Correlation Between Xtrackers ShortDAX and Nabors Industries
Can any of the company-specific risk be diversified away by investing in both Xtrackers ShortDAX and Nabors Industries at the same time? Although using a correlation coefficient on its own may not help to predict future stock returns, this module helps to understand the diversifiable risk of combining Xtrackers ShortDAX and Nabors Industries into the same portfolio, which is an essential part of the fundamental portfolio management process.
By analyzing existing cross correlation between Xtrackers ShortDAX and Nabors Industries, you can compare the effects of market volatilities on Xtrackers ShortDAX and Nabors Industries and check how they will diversify away market risk if combined in the same portfolio for a given time horizon. You can also utilize pair trading strategies of matching a long position in Xtrackers ShortDAX with a short position of Nabors Industries. Check out your portfolio center. Please also check ongoing floating volatility patterns of Xtrackers ShortDAX and Nabors Industries.
Diversification Opportunities for Xtrackers ShortDAX and Nabors Industries
-0.48 | Correlation Coefficient |
Very good diversification
The 3 months correlation between Xtrackers and Nabors is -0.48. Overlapping area represents the amount of risk that can be diversified away by holding Xtrackers ShortDAX and Nabors Industries in the same portfolio, assuming nothing else is changed. The correlation between historical prices or returns on Nabors Industries and Xtrackers ShortDAX is a relative statistical measure of the degree to which these equity instruments tend to move together. The correlation coefficient measures the extent to which returns on Xtrackers ShortDAX are associated (or correlated) with Nabors Industries. Values of the correlation coefficient range from -1 to +1, where. The correlation of zero (0) is possible when the price movement of Nabors Industries has no effect on the direction of Xtrackers ShortDAX i.e., Xtrackers ShortDAX and Nabors Industries go up and down completely randomly.

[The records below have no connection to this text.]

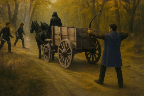 Ночь ложилась на тракт. На темнеющем своде небес всё яснее показывались звезды. Лошади шли неохотно. Телега дребезжала и громко скрипела колёсами. Стрелок беспокойно озирался по сторонам. Много лет ночная тьма верно служила ему и была залогом успешных ограблений. И вот впервые разбойник ощутил себя на месте беспомощной жертвы в этой самой темноте.
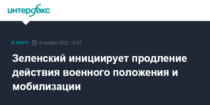С тех пор президент Украины три раза продлевал военное положение и сроки мобилизации, парламент утверждал соответствующие указы. Предыдущий раз эти сроки были продлены 15 августа на 90 суток, до 23 ноября.
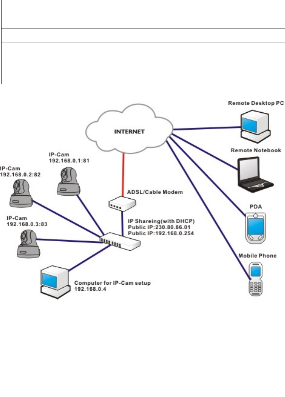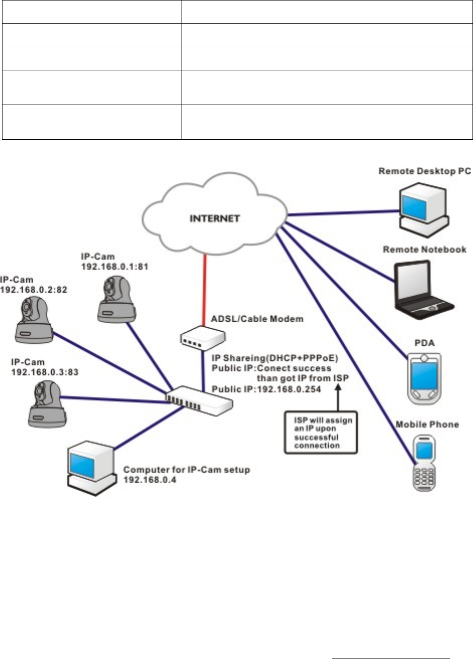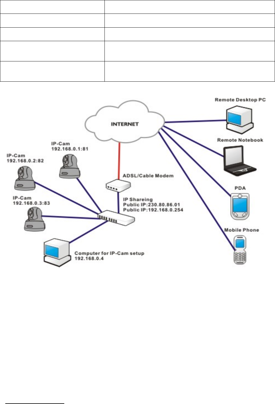 z For the setting of the Port switching in the IP sharing switch, please refer to the IP-Cam’s
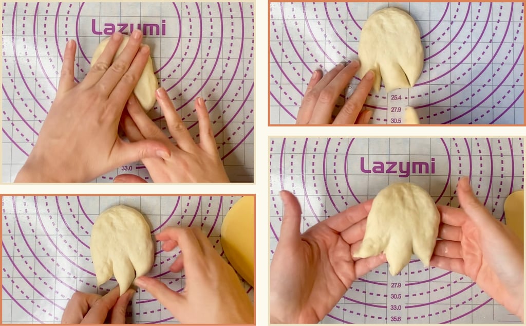 For the ghosts, I flattened a ball gently with my hand, shaping the top into a soft oval and the bottom into a slightly flatter edge. Then, using a dough scraper or scissors, I made two small cuts at the bottom and used my hands to round and stretch them slightly into a soft tail shape. You can see in the photos how the form comes together naturally once you shape it by hand.
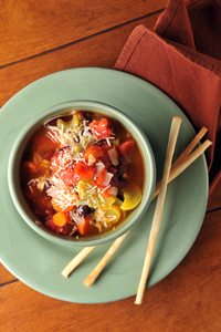 This is a hybrid soup — originally inspired by a minestrone soup recipe in Cooking Light magazine but modified many times over the years. The barley makes it a bit heartier than traditional minestrone; it stands in quite well for a main dish.
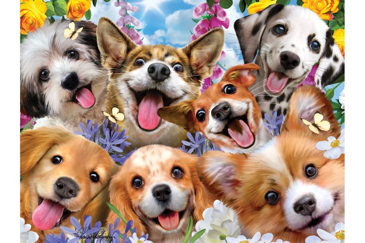 - Roztomilý motív usmiatych šteniatok pre radosť z každého dielika
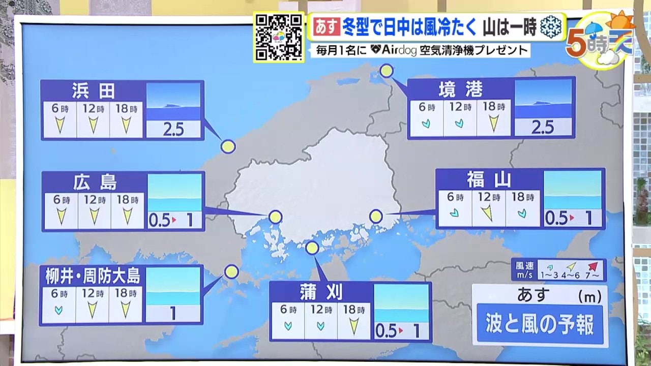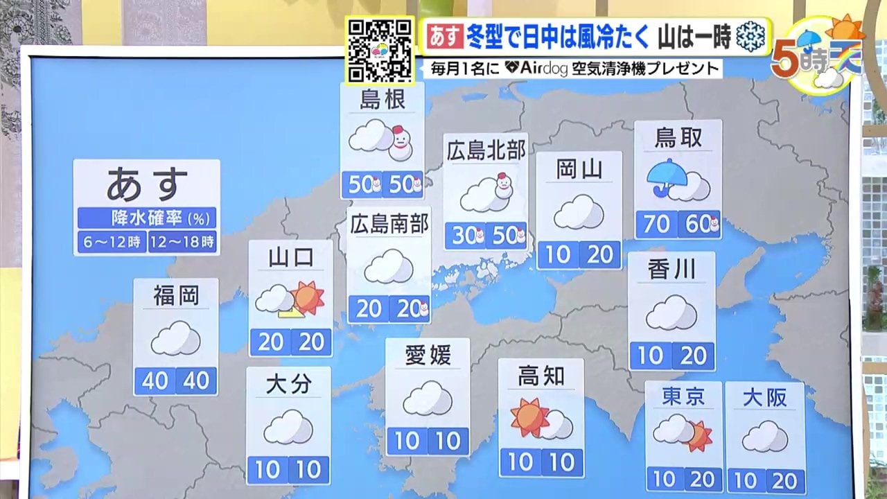 6日(木)冬型の気圧配置であすも曇り空 寒気の影響で北部ほどしぐれ模様 沿岸部はにわか雨の可能性も
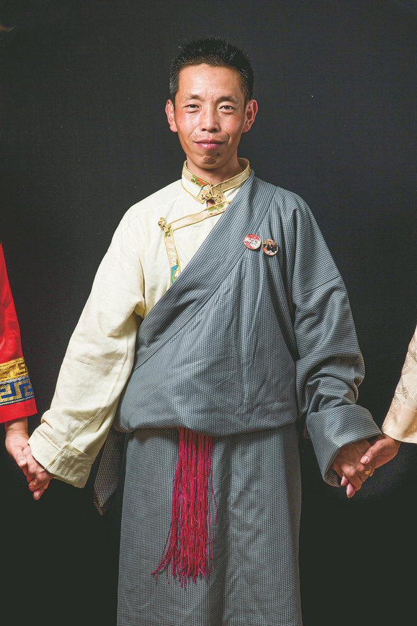 宋玉剛穿著藏族服飾(2015年9月30日攝)。新華社記者金立旺攝

Pair Corralation between Xtrackers ShortDAX and Nabors Industries
Assuming the 90 days trading horizon Xtrackers ShortDAX is expected to under-perform the Nabors Industries. But the etf apears to be less risky and, when comparing its historical volatility, Xtrackers ShortDAX is 1.98 times less risky than Nabors Industries. The etf trades about -0.07 of its potential returns per unit of risk. The Nabors Industries is currently generating about 0.04 of returns per unit of risk over similar time horizon. If you would invest 6,800 in Nabors Industries on September 1, 2024 and sell it today you would earn a total of 100.00 from holding Nabors Industries or generate 1.47% return on investment over 90 days.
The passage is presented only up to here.